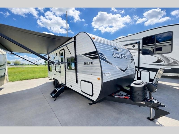 The Jayco Jay Flight SLX travel trailer is quite easy to own because it is lightweight for an easier towing experience. Built on a fully integrated A-frame with galvanized-steel, impact-resistant wheel wells, the Jay Flight SLX has quality at its very foundation. That quality continues on to the electric self-adjusting brakes, easy-lube hubs, Magnum Truss roof system, and LP quick connect. Some of what the mandatory Customer Value Package includes is backup camera prep, Keyed-Alike entry and baggage doors, and an on-demand tankless water heater.
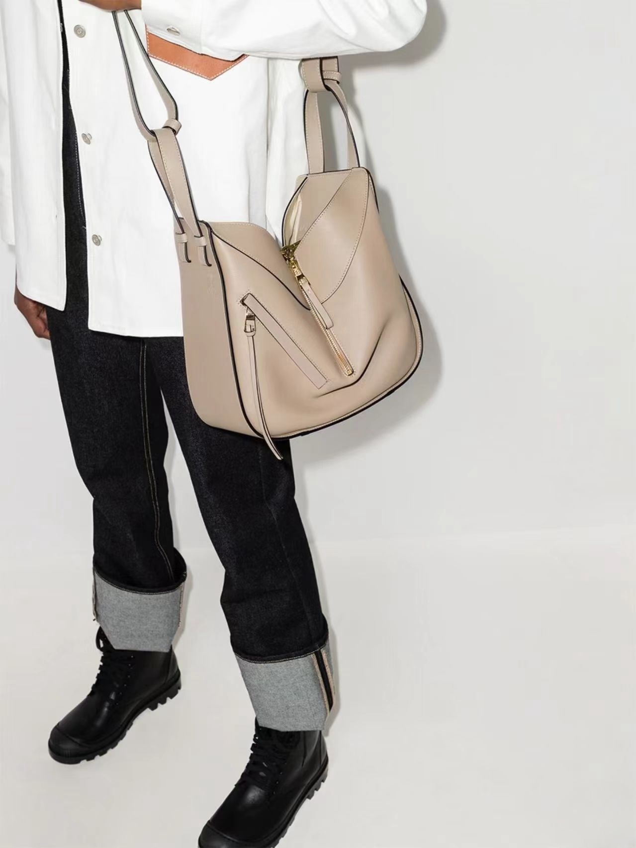 罗意威 Hammock bag吊床包设计新颖百变 可以根据需要装东西大小来调整外形、大容量、单肩、斜挎、手拎、N种背法,上身比例都恰到好处一包多用 无所不能!无论富有光泽的平纹 还是饱满柔软的粒面牛皮 都特显高级 更致命的是 每个颜色都搭配得很好看 超适合街拍 凹造型之余还特能装分分钟能将你瞬间虏获!
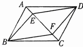 又 $ \because AE = CF $,$ \therefore OE = OF $,$ \therefore $ 四边形 $ BEDF $ 是平行四边形,
+===+
**Action item:**
Without including any pictures, copy every line above exactly.

**Result of the exercise:**
 The Jayco Jay Flight SLX travel trailer is quite easy to own because it is lightweight for an easier towing experience. Built on a fully integrated A-frame with galvanized-steel, impact-resistant wheel wells, the Jay Flight SLX has quality at its very foundation. That quality continues on to the electric self-adjusting brakes, easy-lube hubs, Magnum Truss roof system, and LP quick connect. Some of what the mandatory Customer Value Package includes is backup camera prep, Keyed-Alike entry and baggage doors, and an on-demand tankless water heater.
 罗意威 Hammock bag吊床包设计新颖百变 可以根据需要装东西大小来调整外形、大容量、单肩、斜挎、手拎、N种背法,上身比例都恰到好处一包多用 无所不能!无论富有光泽的平纹 还是饱满柔软的粒面牛皮 都特显高级 更致命的是 每个颜色都搭配得很好看 超适合街拍 凹造型之余还特能装分分钟能将你瞬间虏获!
 又 $ \because AE = CF $,$ \therefore OE = OF $,$ \therefore $ 四边形 $ BEDF $ 是平行四边形,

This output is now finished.